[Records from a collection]
····················
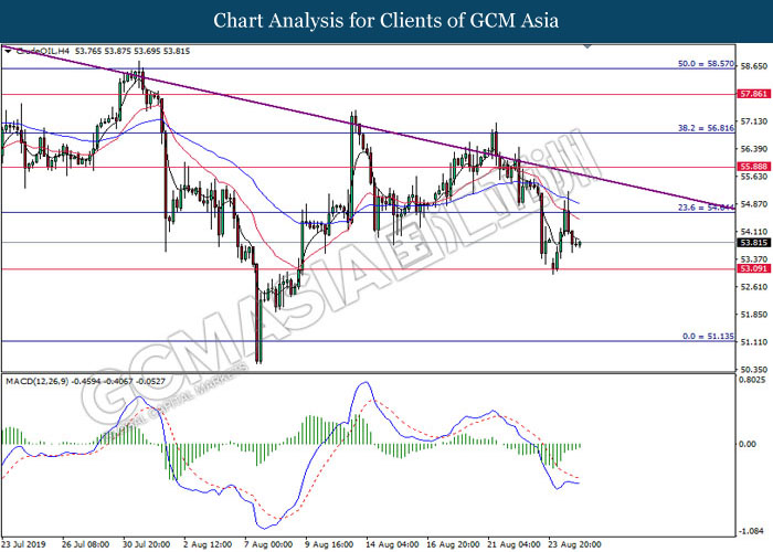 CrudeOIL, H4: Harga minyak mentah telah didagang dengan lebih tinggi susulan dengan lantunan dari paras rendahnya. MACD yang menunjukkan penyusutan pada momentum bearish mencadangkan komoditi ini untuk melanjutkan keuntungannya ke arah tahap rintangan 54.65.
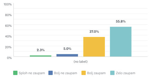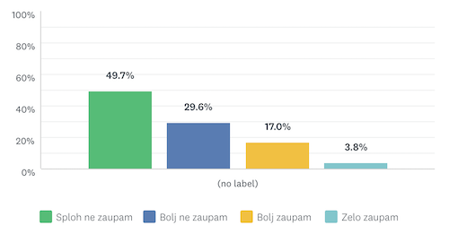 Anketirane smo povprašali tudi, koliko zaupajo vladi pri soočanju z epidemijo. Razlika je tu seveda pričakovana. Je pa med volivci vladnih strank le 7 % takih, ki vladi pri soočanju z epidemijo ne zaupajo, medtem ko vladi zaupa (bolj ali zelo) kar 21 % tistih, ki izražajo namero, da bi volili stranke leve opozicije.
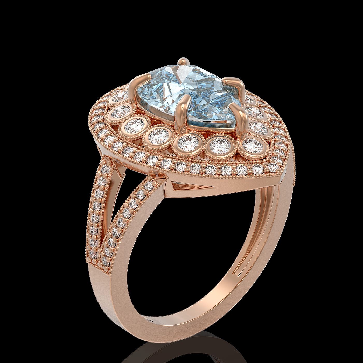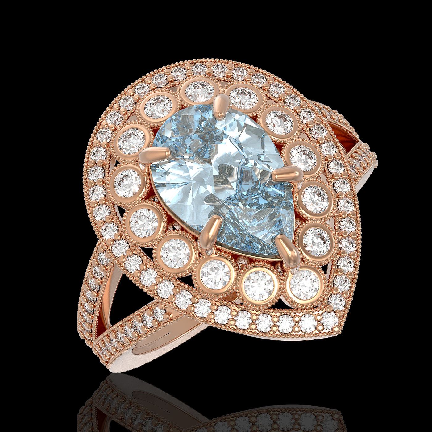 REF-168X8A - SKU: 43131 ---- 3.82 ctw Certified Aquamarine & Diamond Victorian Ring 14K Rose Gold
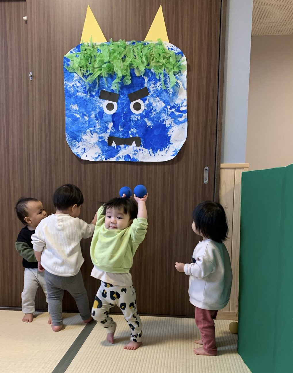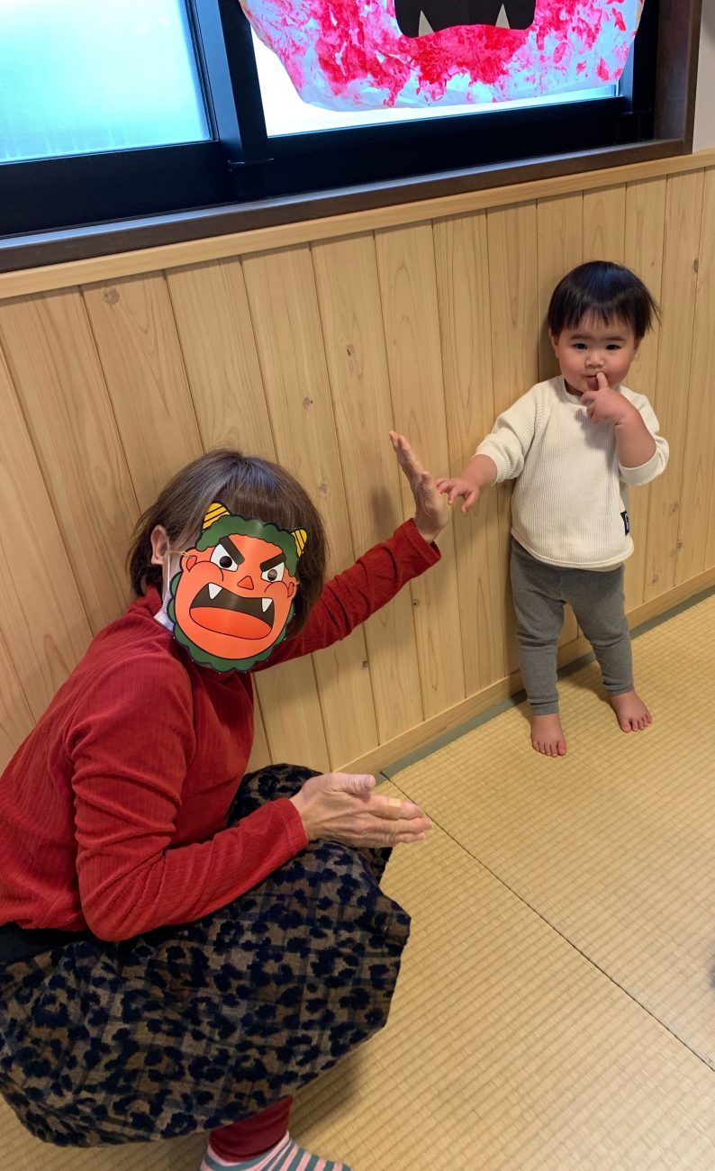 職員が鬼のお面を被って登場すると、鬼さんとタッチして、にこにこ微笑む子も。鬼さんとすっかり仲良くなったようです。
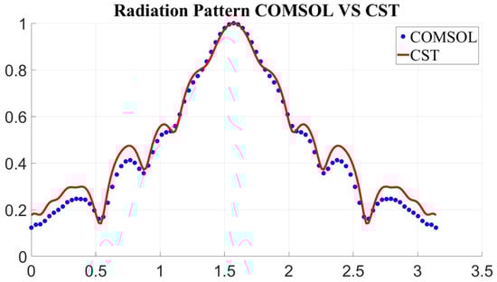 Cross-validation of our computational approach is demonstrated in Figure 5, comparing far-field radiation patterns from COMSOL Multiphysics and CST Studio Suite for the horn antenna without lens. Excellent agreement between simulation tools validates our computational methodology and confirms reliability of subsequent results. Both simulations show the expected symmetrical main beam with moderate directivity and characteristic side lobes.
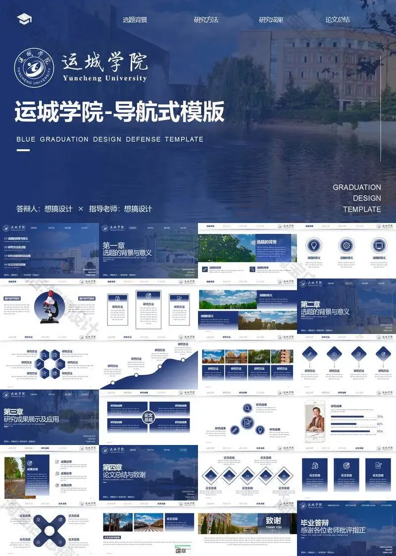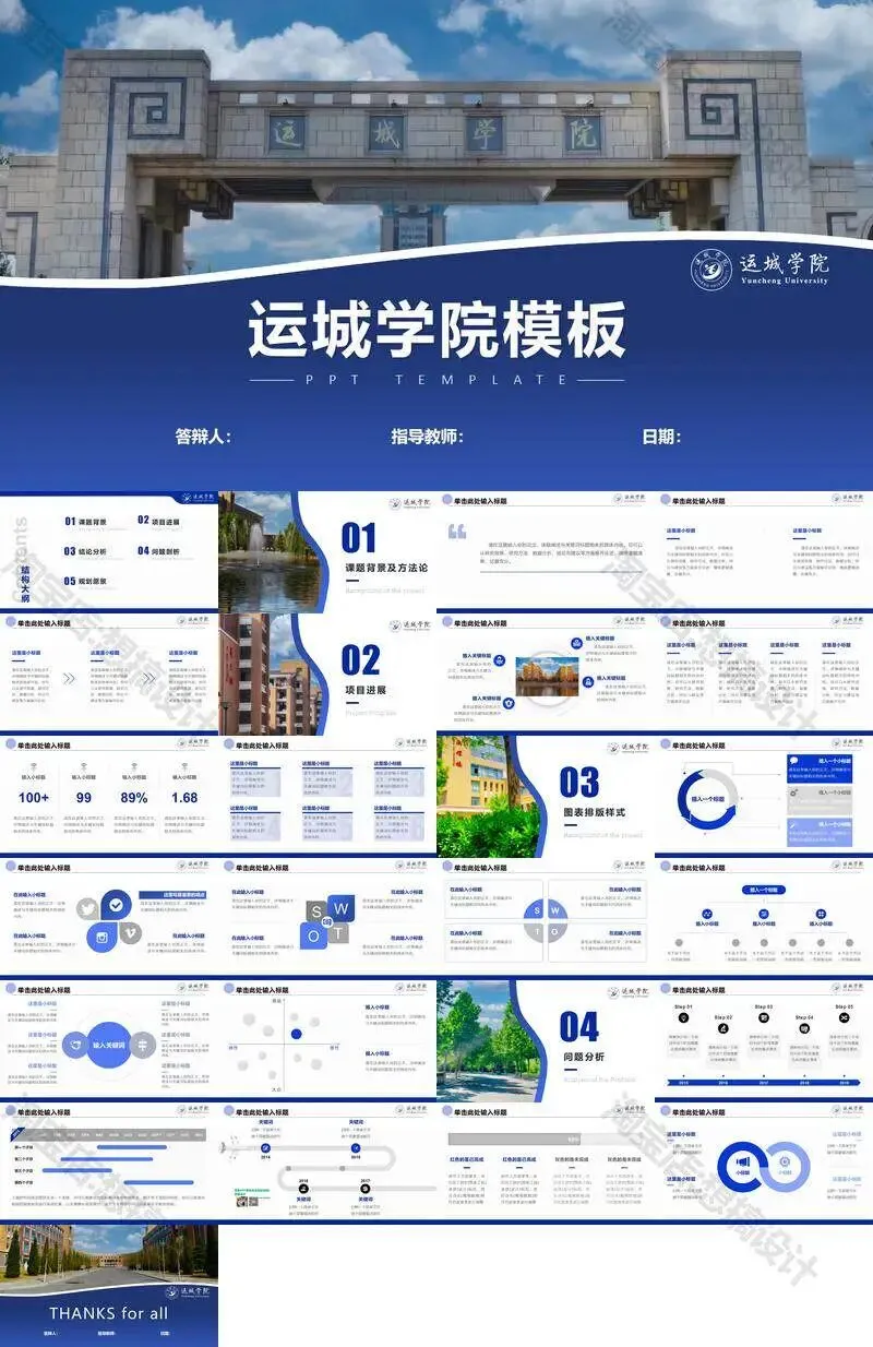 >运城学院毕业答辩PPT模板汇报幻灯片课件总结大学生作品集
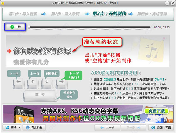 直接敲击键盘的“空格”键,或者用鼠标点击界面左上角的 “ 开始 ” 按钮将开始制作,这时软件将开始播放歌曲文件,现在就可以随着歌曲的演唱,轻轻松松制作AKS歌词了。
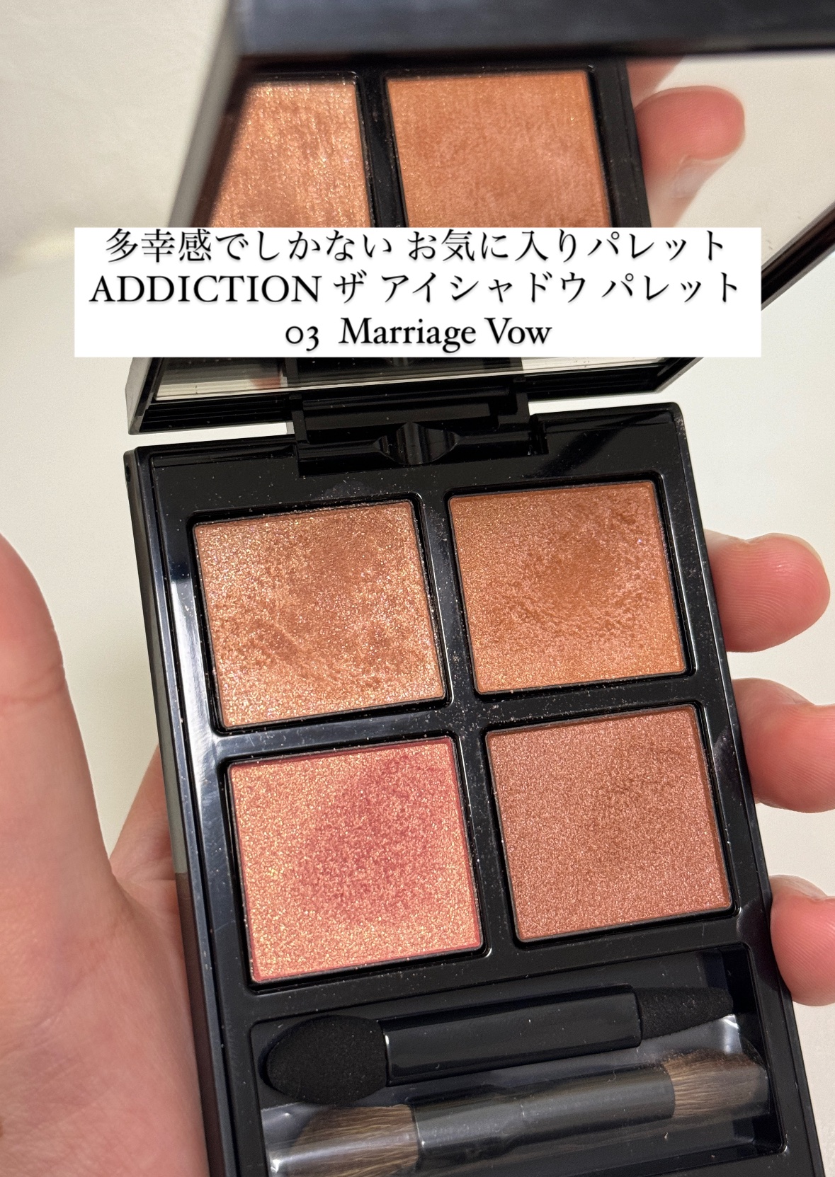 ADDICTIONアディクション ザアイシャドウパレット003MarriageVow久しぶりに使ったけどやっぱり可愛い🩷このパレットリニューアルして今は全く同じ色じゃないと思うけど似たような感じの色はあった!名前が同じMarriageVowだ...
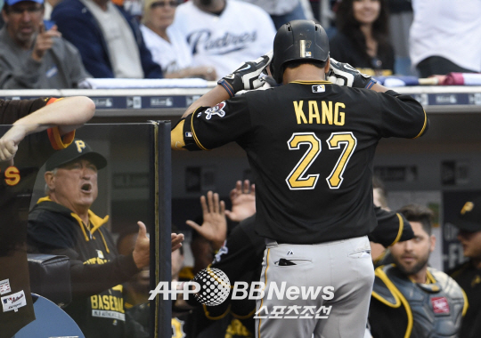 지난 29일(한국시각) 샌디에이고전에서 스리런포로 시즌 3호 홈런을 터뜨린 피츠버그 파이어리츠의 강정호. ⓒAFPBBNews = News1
····················
* _What this task involves_
Would you give again, exactly, the lines in the data above that run from the line containing "Anketirane smo povprašali" to the line containing "REF-168X8A - SKU: 43131"? Include both ends and no pictures.

* _Answer space_
 Anketirane smo povprašali tudi, koliko zaupajo vladi pri soočanju z epidemijo. Razlika je tu seveda pričakovana. Je pa med volivci vladnih strank le 7 % takih, ki vladi pri soočanju z epidemijo ne zaupajo, medtem ko vladi zaupa (bolj ali zelo) kar 21 % tistih, ki izražajo namero, da bi volili stranke leve opozicije.
 REF-168X8A - SKU: 43131 ---- 3.82 ctw Certified Aquamarine & Diamond Victorian Ring 14K Rose Gold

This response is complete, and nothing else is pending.